*** GIVEN RECORDS
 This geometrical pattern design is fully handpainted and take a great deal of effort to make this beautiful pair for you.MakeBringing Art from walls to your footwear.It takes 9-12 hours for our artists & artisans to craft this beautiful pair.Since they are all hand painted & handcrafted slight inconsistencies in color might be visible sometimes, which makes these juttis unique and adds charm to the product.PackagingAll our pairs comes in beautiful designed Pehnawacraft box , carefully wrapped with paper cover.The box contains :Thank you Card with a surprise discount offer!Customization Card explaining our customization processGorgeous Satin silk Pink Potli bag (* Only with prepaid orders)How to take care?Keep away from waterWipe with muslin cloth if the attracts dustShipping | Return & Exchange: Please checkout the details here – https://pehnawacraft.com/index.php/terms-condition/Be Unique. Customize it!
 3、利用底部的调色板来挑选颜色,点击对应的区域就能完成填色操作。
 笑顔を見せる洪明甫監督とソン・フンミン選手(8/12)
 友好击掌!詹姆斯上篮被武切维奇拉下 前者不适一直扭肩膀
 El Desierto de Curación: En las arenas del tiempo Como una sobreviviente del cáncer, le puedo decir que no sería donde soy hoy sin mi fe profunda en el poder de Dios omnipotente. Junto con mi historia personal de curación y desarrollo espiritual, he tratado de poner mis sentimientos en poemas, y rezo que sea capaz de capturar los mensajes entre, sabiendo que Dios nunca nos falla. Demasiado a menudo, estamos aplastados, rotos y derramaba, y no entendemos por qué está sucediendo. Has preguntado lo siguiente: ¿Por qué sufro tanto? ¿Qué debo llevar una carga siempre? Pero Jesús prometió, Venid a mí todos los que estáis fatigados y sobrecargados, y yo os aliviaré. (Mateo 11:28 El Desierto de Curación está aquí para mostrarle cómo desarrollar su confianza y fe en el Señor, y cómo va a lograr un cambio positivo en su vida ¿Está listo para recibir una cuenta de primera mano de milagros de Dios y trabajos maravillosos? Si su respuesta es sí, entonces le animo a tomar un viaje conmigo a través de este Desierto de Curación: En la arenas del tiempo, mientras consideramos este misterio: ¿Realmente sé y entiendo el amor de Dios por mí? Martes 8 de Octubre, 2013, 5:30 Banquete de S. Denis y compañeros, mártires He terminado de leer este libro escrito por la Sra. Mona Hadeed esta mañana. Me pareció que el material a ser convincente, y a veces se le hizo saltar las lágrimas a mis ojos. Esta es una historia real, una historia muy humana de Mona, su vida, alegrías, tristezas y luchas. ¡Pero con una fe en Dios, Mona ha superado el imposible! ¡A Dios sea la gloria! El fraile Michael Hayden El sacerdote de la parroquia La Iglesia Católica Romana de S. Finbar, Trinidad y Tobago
******
*** GIVEN RECORDS
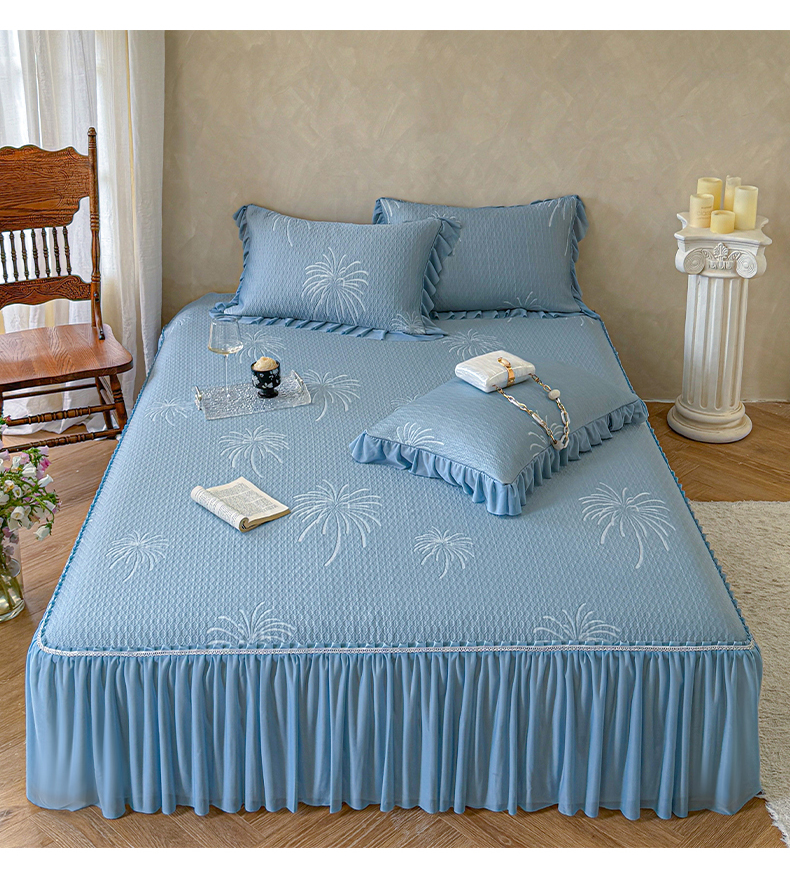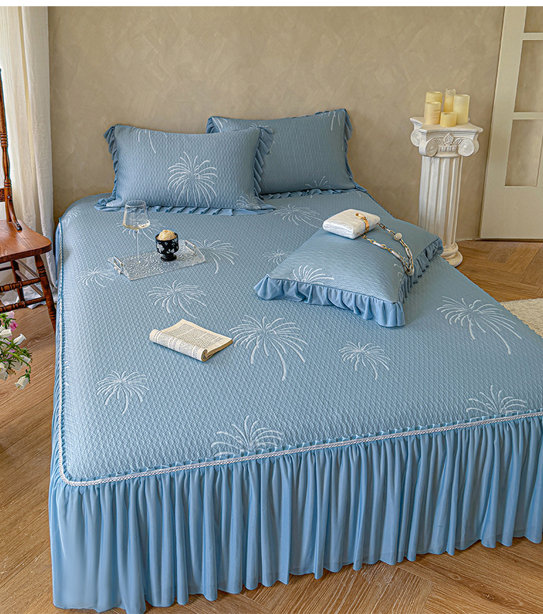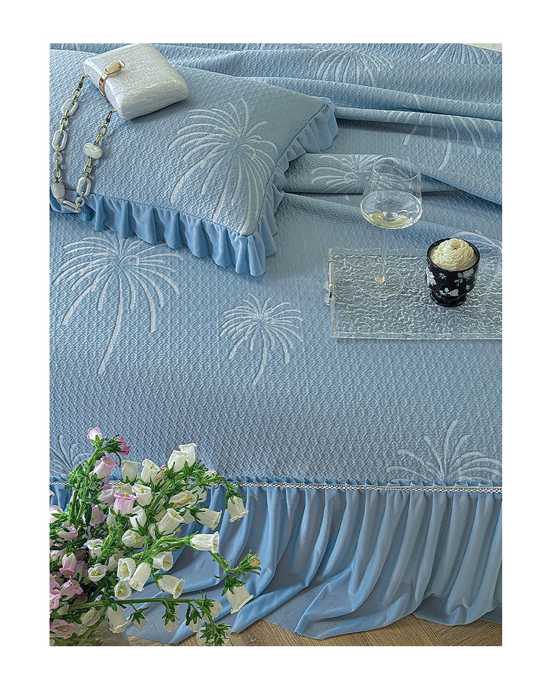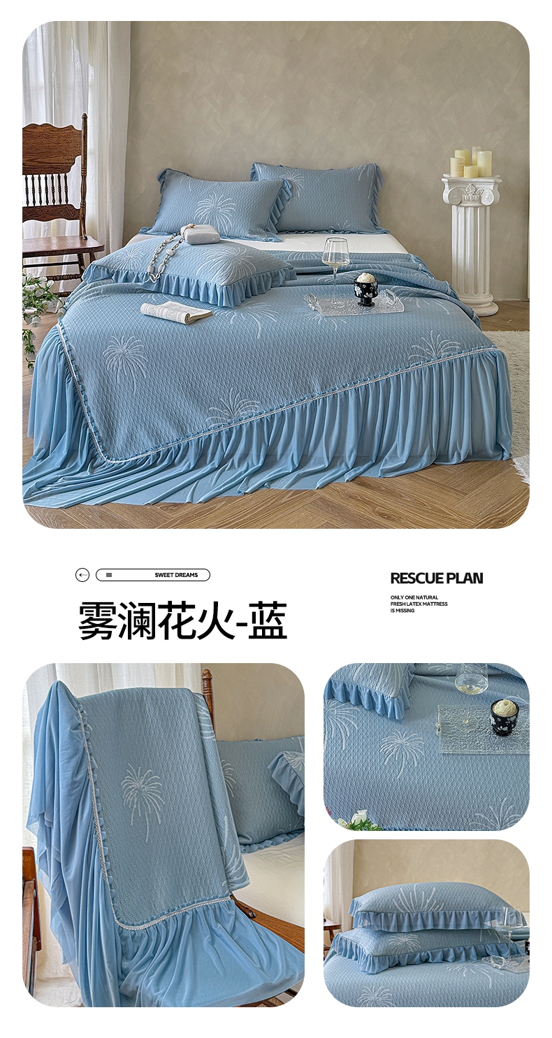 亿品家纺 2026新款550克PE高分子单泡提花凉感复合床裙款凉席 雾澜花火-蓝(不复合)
******
*** GIVEN RECORDS
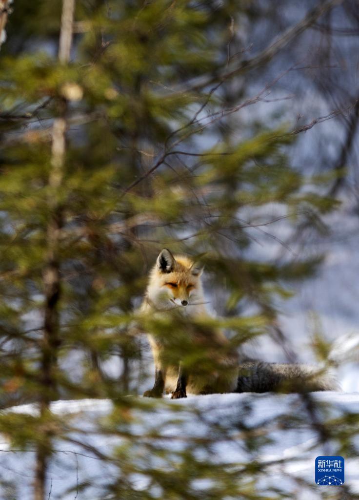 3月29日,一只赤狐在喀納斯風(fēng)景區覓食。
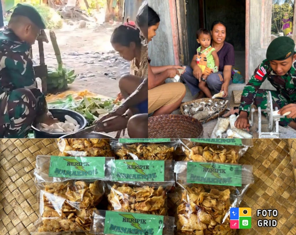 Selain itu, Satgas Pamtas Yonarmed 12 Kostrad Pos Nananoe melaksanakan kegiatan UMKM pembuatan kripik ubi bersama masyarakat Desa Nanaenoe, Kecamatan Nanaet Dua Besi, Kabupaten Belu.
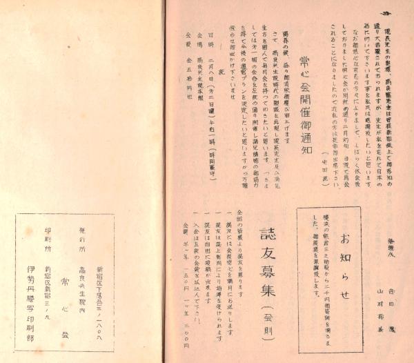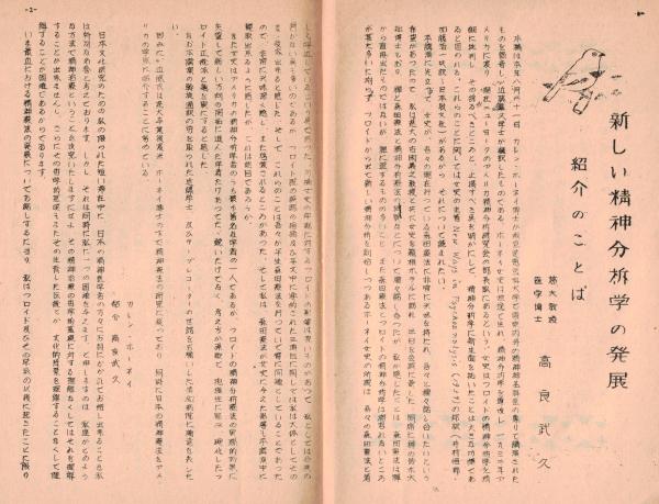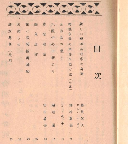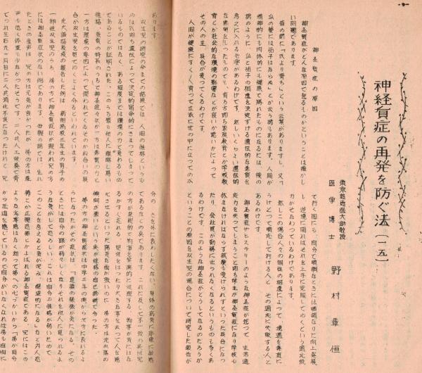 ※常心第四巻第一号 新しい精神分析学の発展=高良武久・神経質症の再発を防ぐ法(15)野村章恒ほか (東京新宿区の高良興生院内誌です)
******
• **WORK REQUIRED**
Please reproduce, exactly as they appear above, the lines from the line containing "This geometrical pattern" up to and including the line containing "友好击掌!詹姆斯上篮被武切维奇拉下 前者不适一直扭肩膀".

• **ANSWER BOX**
 This geometrical pattern design is fully handpainted and take a great deal of effort to make this beautiful pair for you.MakeBringing Art from walls to your footwear.It takes 9-12 hours for our artists & artisans to craft this beautiful pair.Since they are all hand painted & handcrafted slight inconsistencies in color might be visible sometimes, which makes these juttis unique and adds charm to the product.PackagingAll our pairs comes in beautiful designed Pehnawacraft box , carefully wrapped with paper cover.The box contains :Thank you Card with a surprise discount offer!Customization Card explaining our customization processGorgeous Satin silk Pink Potli bag (* Only with prepaid orders)How to take care?Keep away from waterWipe with muslin cloth if the attracts dustShipping | Return & Exchange: Please checkout the details here – https://pehnawacraft.com/index.php/terms-condition/Be Unique. Customize it!
 3、利用底部的调色板来挑选颜色,点击对应的区域就能完成填色操作。
 笑顔を見せる洪明甫監督とソン・フンミン選手(8/12)
 友好击掌!詹姆斯上篮被武切维奇拉下 前者不适一直扭肩膀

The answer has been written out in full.